Chairman & CEO William S Friedman commented, ``Tarragon is engaged in three lines of business, the newest of which is the development and sale of high-end condominiums and single-family homes. We have also stepped up the monetization of some of the properties in our investment portfolio to provide liquidity for development. The Net Asset Value of our Company at the end of 2001 was $275 million, based on appraisals by lenders and opinions of value by Marcus & Millichap for completed properties and the cost of properties under development; that pencils out to about $36 per common share, up from $31.70 at December 31m 2000. This gives us a strong backlog of assets to redeploy as the need arises.''

During 2001 the Company generated $11.6 million in Funds From Operations in its Investment Division, compared to $6.4 million in 2000. Going forward, the Company anticipates that sales of properties of its seasoned investment portfolio will yield more significant profits than in the recent past. That planned redeployment will also fund the increased emphasis on development, such as the 1.2 million square foot, 42-story, Las Olas River House Luxury Condominium and mixed-use development in downtown Fort Lauderdale. During 2001, Tarragon invested $110 million in new development activities, with a planned increase during 2002 to more than $130 million.

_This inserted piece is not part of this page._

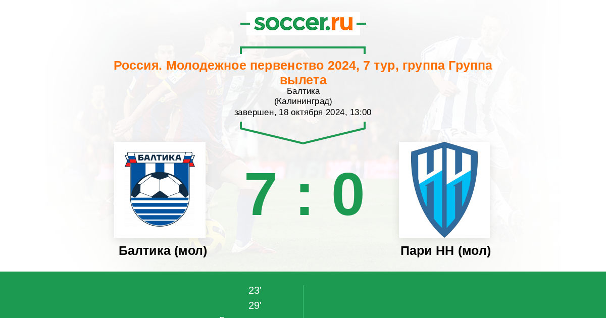 Протокол матча Балтика (мол) против Пари НН (мол)

Tarragon achieved significant balance sheet improvements during 2001 with notes payable had declined by $26 million. Unrestricted cash and cash equivalents increased to $9 million at year end 2001 from $4.1 million December 31, 2000.

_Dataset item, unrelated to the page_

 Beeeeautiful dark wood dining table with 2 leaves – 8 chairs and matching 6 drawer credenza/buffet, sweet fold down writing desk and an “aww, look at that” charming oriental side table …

Tarragon's consolidated income statement for 2001 reflects a non-cash charge for depreciation and amortization of $23 million. Tarragon has a $47 million net operating loss carryforward, the value of which is not reflected on its balance sheet. Tarragon's planned property sales and homebuilding activities are expected to monetize the value of the NOL's in future periods. So far in 2002, Tarragon has sold three apartment properties and 40 condominium units, realizing gains in excess of $11.3 million.